Exercise objective
Give again, word for word, every line below from the one that has "自 2010 年至 2018" through the one that has "Très joli petit", both included, and no others.

Records supplied
------
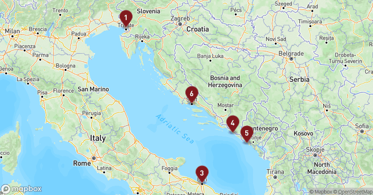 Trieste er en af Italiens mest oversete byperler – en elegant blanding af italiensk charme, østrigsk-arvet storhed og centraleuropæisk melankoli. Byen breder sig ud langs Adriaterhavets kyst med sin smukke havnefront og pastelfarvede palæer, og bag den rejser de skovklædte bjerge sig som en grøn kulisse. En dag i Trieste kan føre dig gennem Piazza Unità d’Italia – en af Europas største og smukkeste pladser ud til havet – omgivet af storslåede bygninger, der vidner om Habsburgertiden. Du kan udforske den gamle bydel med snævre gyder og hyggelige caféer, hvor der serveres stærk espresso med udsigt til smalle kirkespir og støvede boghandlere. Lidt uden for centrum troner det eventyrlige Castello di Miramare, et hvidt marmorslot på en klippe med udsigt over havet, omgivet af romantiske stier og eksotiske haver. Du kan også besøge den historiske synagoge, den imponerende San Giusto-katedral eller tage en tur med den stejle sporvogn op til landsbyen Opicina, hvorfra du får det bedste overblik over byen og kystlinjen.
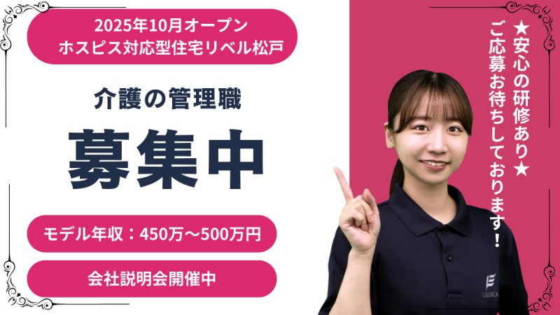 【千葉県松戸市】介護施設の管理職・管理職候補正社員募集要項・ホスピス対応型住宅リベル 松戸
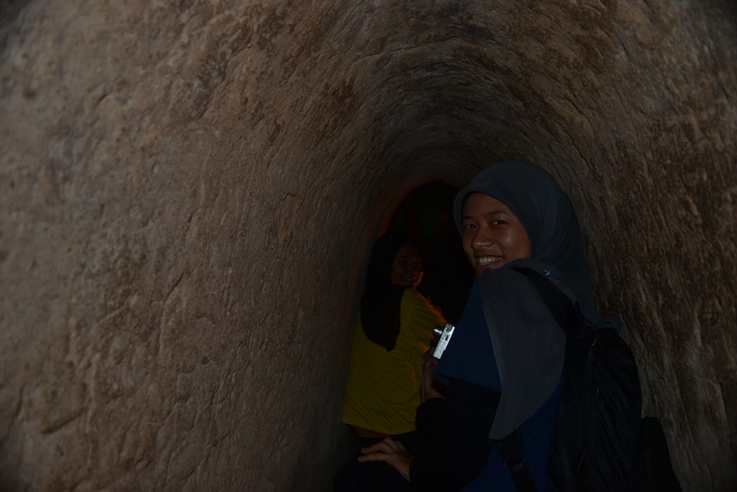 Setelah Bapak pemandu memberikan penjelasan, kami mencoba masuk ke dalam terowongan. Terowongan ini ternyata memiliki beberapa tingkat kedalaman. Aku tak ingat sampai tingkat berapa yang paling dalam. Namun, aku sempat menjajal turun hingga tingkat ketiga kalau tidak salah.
------
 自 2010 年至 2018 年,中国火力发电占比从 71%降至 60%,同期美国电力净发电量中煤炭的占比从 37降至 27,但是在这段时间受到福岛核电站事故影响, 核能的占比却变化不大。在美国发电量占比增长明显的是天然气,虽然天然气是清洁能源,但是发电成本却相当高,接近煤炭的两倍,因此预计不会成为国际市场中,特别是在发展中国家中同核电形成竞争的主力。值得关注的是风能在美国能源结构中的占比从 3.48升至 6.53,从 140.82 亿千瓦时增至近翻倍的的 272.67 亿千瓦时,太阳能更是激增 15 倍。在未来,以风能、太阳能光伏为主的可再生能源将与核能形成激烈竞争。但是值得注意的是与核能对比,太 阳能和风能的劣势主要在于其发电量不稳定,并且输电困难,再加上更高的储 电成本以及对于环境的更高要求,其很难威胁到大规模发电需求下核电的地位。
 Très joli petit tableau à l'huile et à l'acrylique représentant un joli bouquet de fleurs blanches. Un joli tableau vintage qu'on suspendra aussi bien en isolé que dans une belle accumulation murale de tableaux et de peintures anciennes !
------
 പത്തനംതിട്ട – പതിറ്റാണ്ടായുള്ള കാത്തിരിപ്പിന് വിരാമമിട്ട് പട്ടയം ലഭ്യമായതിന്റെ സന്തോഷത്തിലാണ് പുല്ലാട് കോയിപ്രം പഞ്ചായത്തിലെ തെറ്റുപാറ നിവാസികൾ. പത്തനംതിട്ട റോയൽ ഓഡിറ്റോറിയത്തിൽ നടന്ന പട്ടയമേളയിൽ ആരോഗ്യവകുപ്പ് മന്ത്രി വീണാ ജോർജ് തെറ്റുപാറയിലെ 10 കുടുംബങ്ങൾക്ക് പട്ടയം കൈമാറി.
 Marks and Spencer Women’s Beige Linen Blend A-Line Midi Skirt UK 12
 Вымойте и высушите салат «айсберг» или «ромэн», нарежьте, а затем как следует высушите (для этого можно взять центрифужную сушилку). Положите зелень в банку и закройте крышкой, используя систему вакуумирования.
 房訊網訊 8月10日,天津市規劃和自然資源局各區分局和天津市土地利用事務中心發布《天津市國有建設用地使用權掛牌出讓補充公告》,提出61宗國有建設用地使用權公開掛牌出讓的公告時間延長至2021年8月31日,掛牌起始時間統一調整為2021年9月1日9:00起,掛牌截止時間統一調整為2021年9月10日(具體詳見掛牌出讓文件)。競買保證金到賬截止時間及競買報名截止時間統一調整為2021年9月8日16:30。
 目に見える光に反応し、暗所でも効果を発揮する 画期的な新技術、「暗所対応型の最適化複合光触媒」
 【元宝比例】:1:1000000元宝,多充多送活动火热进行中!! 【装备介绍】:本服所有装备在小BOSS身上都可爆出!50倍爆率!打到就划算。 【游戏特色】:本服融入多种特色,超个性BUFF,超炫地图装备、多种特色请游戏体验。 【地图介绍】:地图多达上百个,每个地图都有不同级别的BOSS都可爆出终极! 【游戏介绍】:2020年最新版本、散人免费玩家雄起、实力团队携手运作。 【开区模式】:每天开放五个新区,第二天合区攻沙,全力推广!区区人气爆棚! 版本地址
------
Response
 自 2010 年至 2018 年,中国火力发电占比从 71%降至 60%,同期美国电力净发电量中煤炭的占比从 37降至 27,但是在这段时间受到福岛核电站事故影响, 核能的占比却变化不大。在美国发电量占比增长明显的是天然气,虽然天然气是清洁能源,但是发电成本却相当高,接近煤炭的两倍,因此预计不会成为国际市场中,特别是在发展中国家中同核电形成竞争的主力。值得关注的是风能在美国能源结构中的占比从 3.48升至 6.53,从 140.82 亿千瓦时增至近翻倍的的 272.67 亿千瓦时,太阳能更是激增 15 倍。在未来,以风能、太阳能光伏为主的可再生能源将与核能形成激烈竞争。但是值得注意的是与核能对比,太 阳能和风能的劣势主要在于其发电量不稳定,并且输电困难,再加上更高的储 电成本以及对于环境的更高要求,其很难威胁到大规模发电需求下核电的地位。
 Très joli petit tableau à l'huile et à l'acrylique représentant un joli bouquet de fleurs blanches. Un joli tableau vintage qu'on suspendra aussi bien en isolé que dans une belle accumulation murale de tableaux et de peintures anciennes !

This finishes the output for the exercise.